We believe that successfully working with ILK and science together requires a deliberate approach from the start; this approach needs to recognize different knowledge systems and engage with networks of stakeholders reflecting diverse worldviews. It also takes extra money and time to do this right.
In return, fostering inclusion of ILK and partnering with Indigenous communities can help scientists better understand how natural and cultural systems co-produce each other, identify trends of change through diverse biocultural indicators, and improve sustainable development goals and policies for all. We are very optimistic that it is a win-win.
What are the next steps in your research into environmental changes?
I am returning to some research in Southeast Asia later this year when travel restrictions are lifted to work in Indonesia, Myanmar, and Vietnam on assessments of bio-culturally valuable ecosystem services in different communities.

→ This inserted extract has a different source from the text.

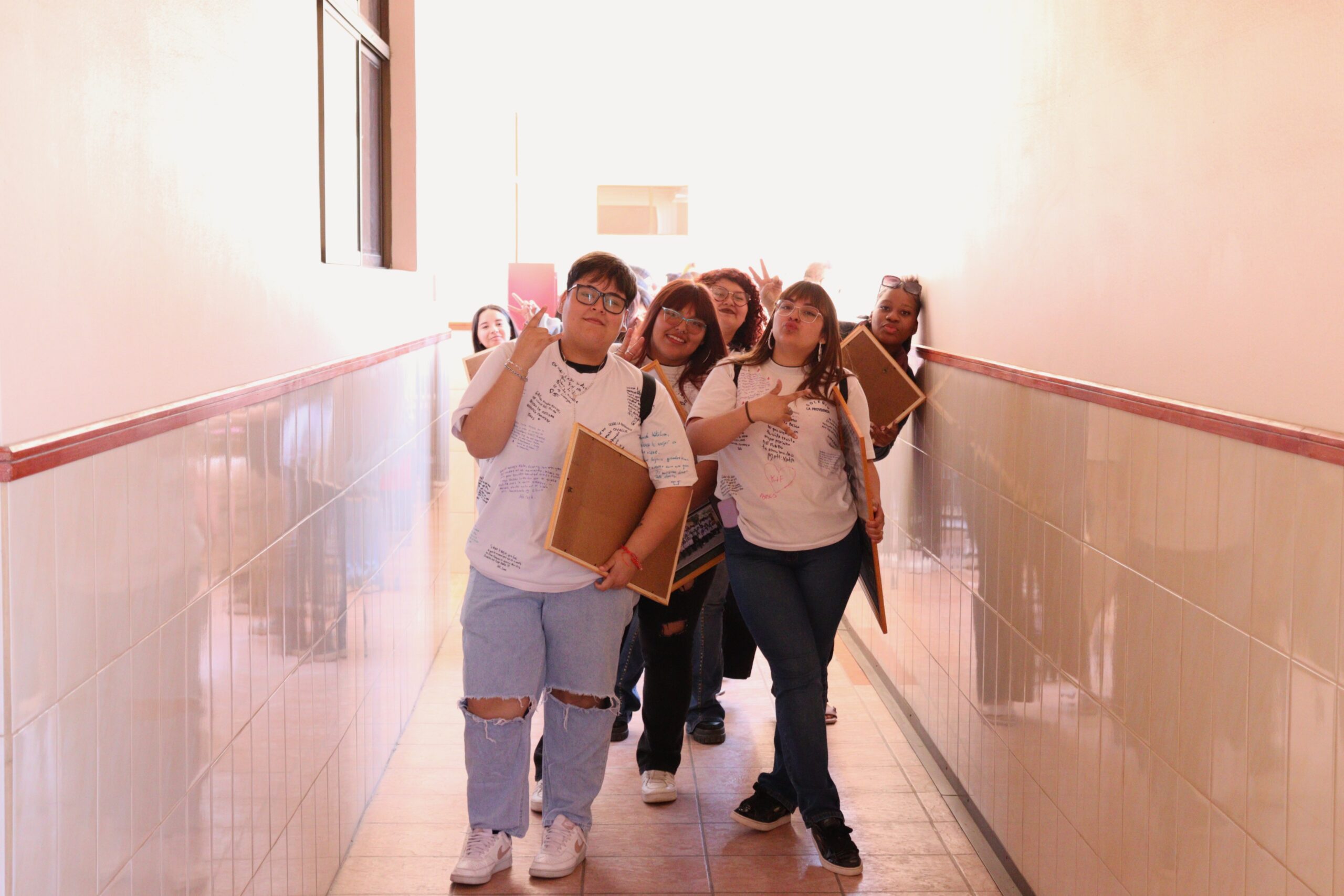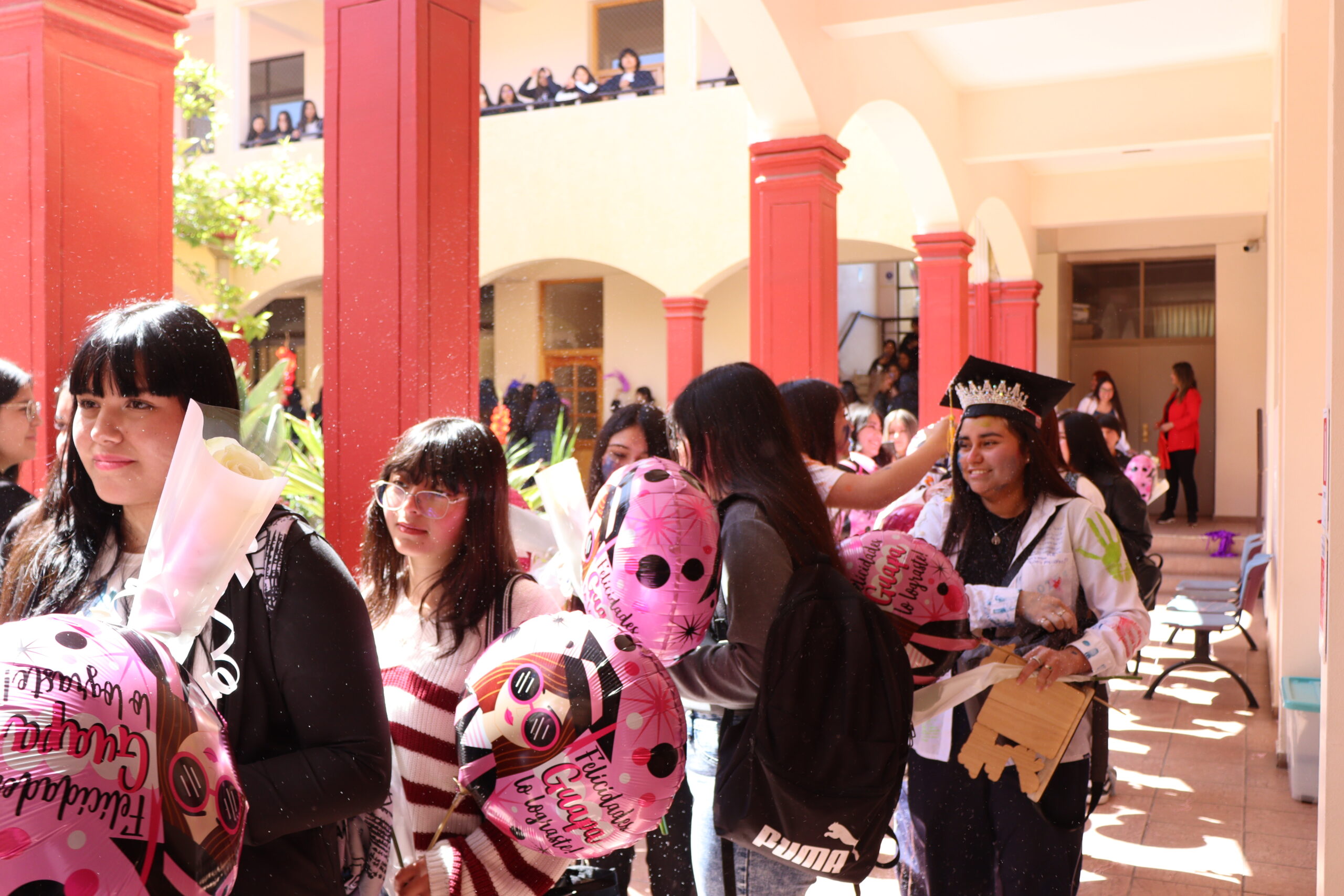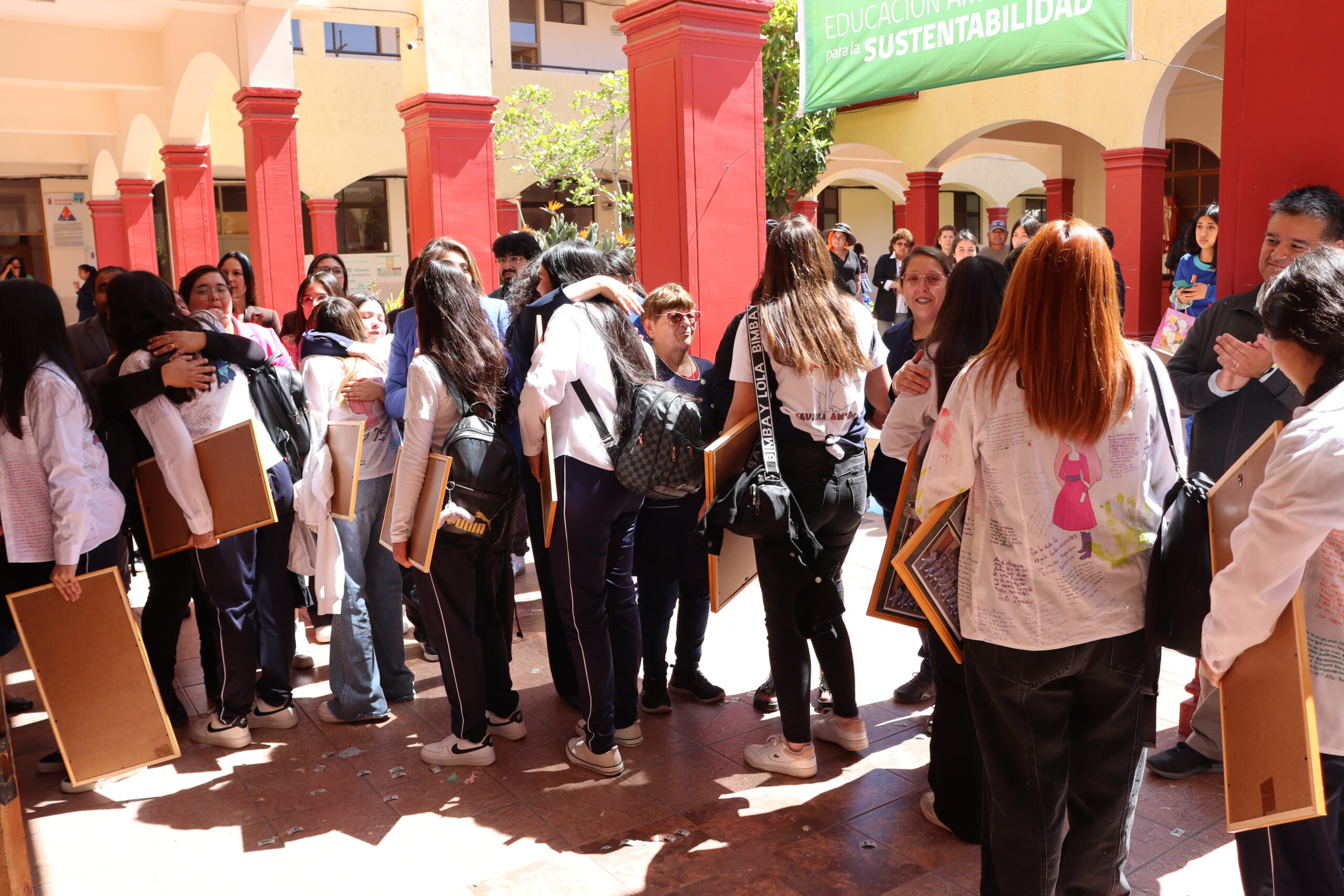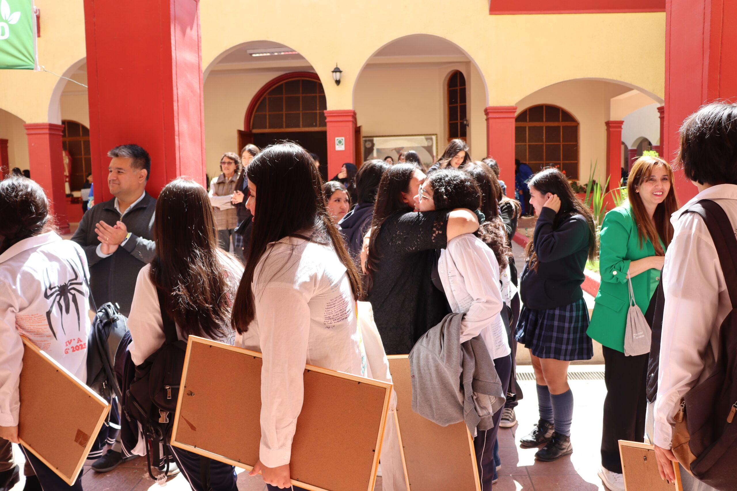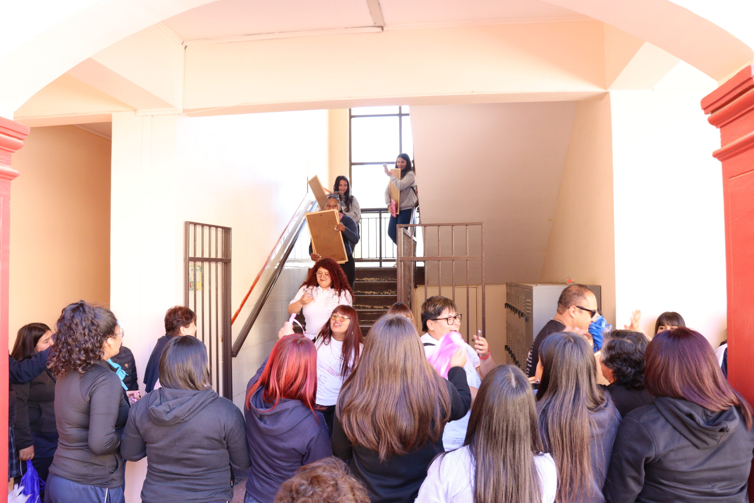 Las jóvenes, acompañadas por sus profesores jefes, comenzaron su recorrido desde las salas, bajando por el tercer y segundo piso, donde fueron despedidas con aplausos y muestras de cariño de los cursos menores. Al llegar al primer piso, las estudiantes de Terceros Medios las recibieron con coloridos pompones confeccionados especialmente para la ocasión, gesto que simbolizó la alegría y el orgullo de ver partir a sus compañeras.

Where can readers find more information?
A summary of our paper can be found here: https://www.eurekalert.org/pub_releases/2020-07/ru-ipv072420.php
The paper can be accessed directly here: https://besjournals.onlinelibrary.wiley.com/doi/full/10.1111/1365-2664.13705
About Professor Pamela D. McElwee
Pamela D. McElwee is an Associate Professor of Human Ecology at the School of Environmental and Biological Sciences, Rutgers University, New Brunswick, NJ. She is trained as an interdisciplinary environmental scientist, with a joint Ph.D. in forestry & environmental studies and anthropology from Yale University.
She has authored more than 60 scientific papers, book chapters, and policy reports, as well as an award-winning book, Forests are Gold: Trees, People and Environmental Rule in Vietnam (U of Washington Press, 2016). Her research has been funded with grants from the National Science Foundation and MacArthur Foundation, and in 2019 she was named an Andrew Carnegie Fellow.
She has served as a lead author for both the Intergovernmental Panel on Climate Change Special Report on Climate Change and Land (2019) and the Global Assessment of the Intergovernmental Science-Policy Platform on Biodiversity and Ecosystem Services (2019).